Task brief
Your task is to reproduce, verbatim and without pictures, the lines from the opening of the listing through the line containing "8月11日晚,四川省第十四届".

Exercise input
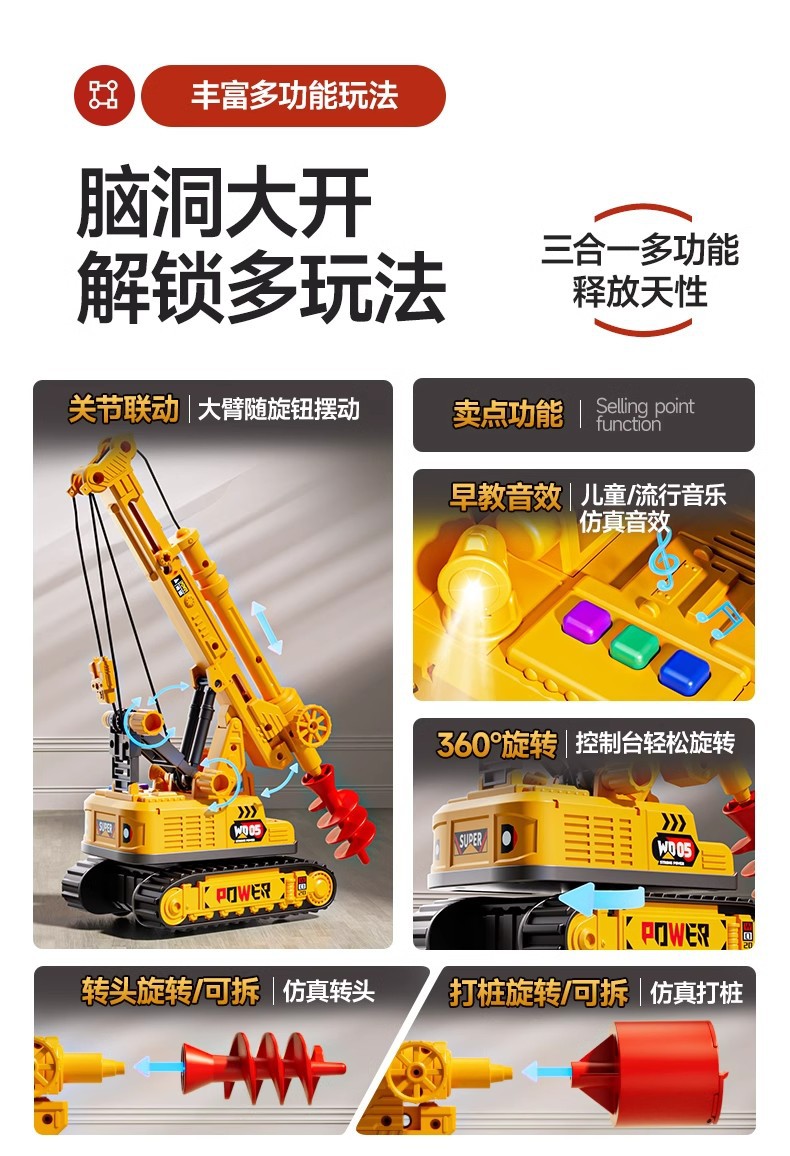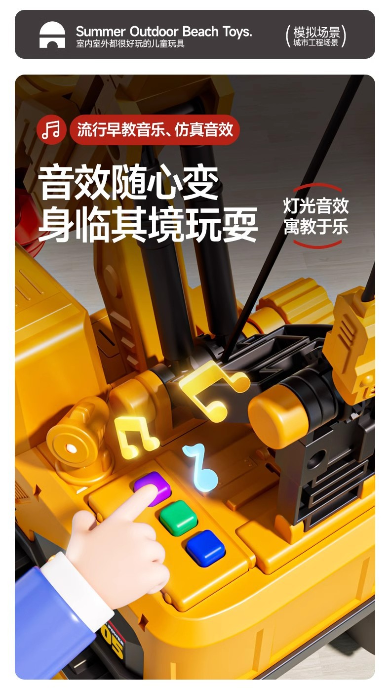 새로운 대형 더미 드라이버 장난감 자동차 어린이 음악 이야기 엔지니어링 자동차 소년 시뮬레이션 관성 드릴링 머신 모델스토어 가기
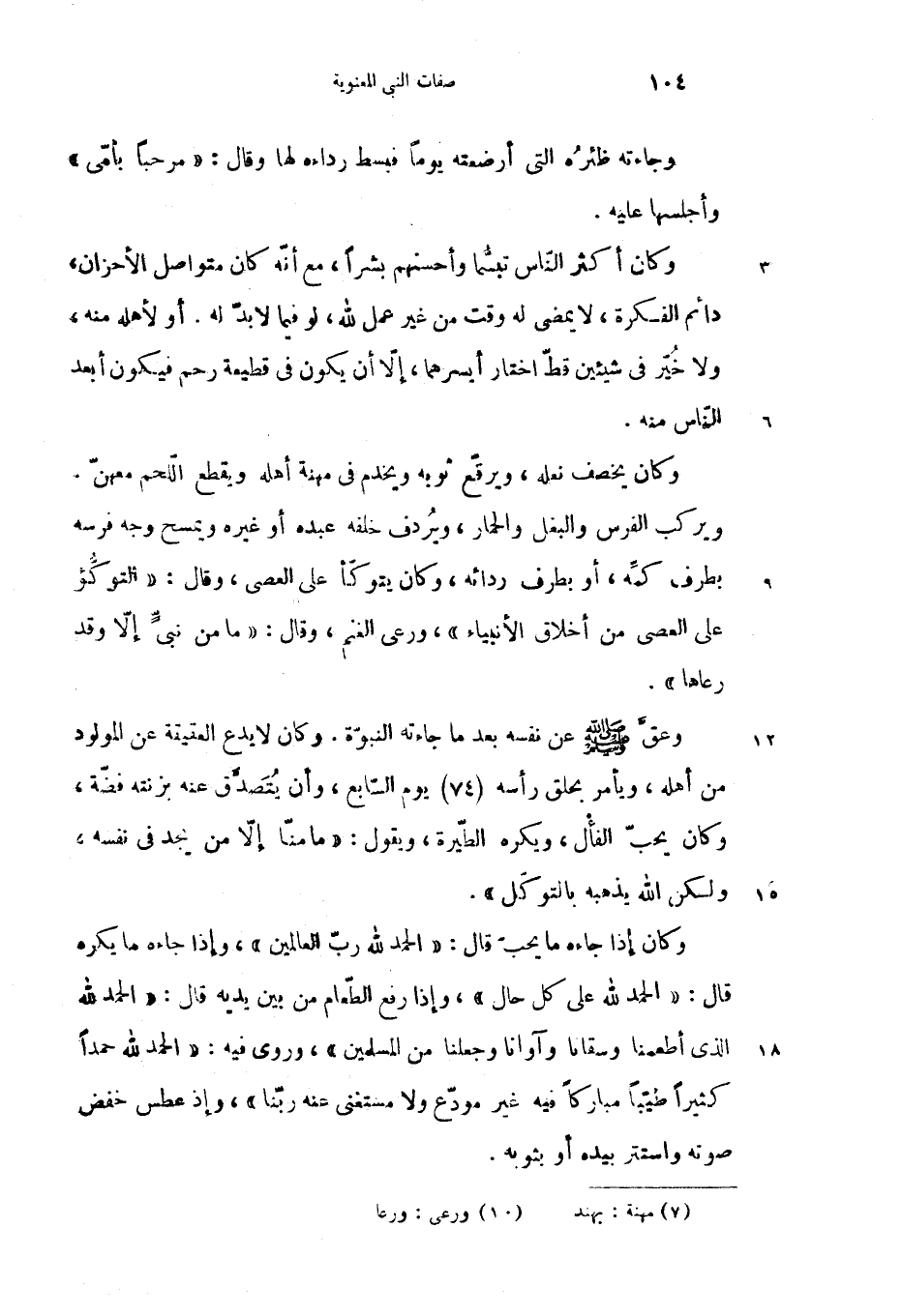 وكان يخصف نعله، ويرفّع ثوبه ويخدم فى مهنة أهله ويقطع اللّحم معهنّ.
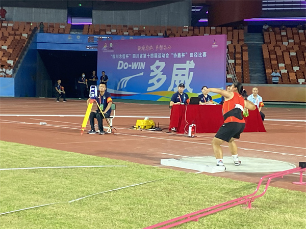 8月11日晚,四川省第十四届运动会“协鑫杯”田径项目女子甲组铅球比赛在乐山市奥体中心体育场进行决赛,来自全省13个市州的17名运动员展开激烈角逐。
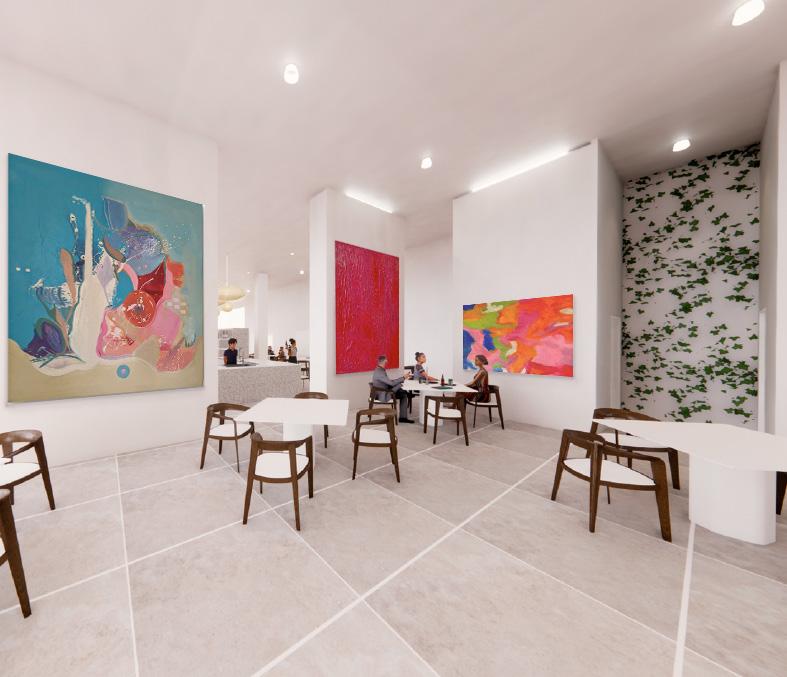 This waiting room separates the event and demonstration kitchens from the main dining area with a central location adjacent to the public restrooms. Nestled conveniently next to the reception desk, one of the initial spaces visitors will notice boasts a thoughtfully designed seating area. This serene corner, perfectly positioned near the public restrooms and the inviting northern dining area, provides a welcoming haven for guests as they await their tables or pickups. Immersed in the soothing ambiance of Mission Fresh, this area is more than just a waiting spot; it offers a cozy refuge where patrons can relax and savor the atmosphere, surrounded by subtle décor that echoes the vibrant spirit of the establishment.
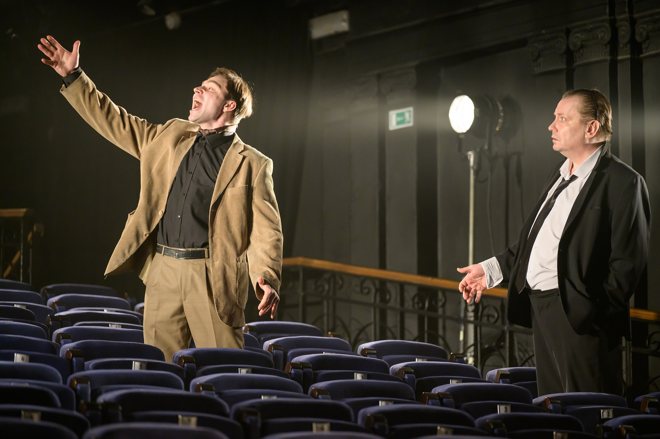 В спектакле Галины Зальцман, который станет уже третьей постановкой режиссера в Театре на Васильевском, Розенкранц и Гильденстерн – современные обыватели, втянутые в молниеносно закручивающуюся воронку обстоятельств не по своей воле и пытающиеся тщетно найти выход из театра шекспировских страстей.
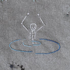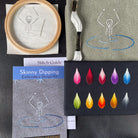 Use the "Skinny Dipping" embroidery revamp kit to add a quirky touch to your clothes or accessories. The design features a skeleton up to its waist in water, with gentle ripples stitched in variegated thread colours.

Task response
 새로운 대형 더미 드라이버 장난감 자동차 어린이 음악 이야기 엔지니어링 자동차 소년 시뮬레이션 관성 드릴링 머신 모델스토어 가기
 وكان يخصف نعله، ويرفّع ثوبه ويخدم فى مهنة أهله ويقطع اللّحم معهنّ.
 8月11日晚,四川省第十四届运动会“协鑫杯”田径项目女子甲组铅球比赛在乐山市奥体中心体育场进行决赛,来自全省13个市州的17名运动员展开激烈角逐。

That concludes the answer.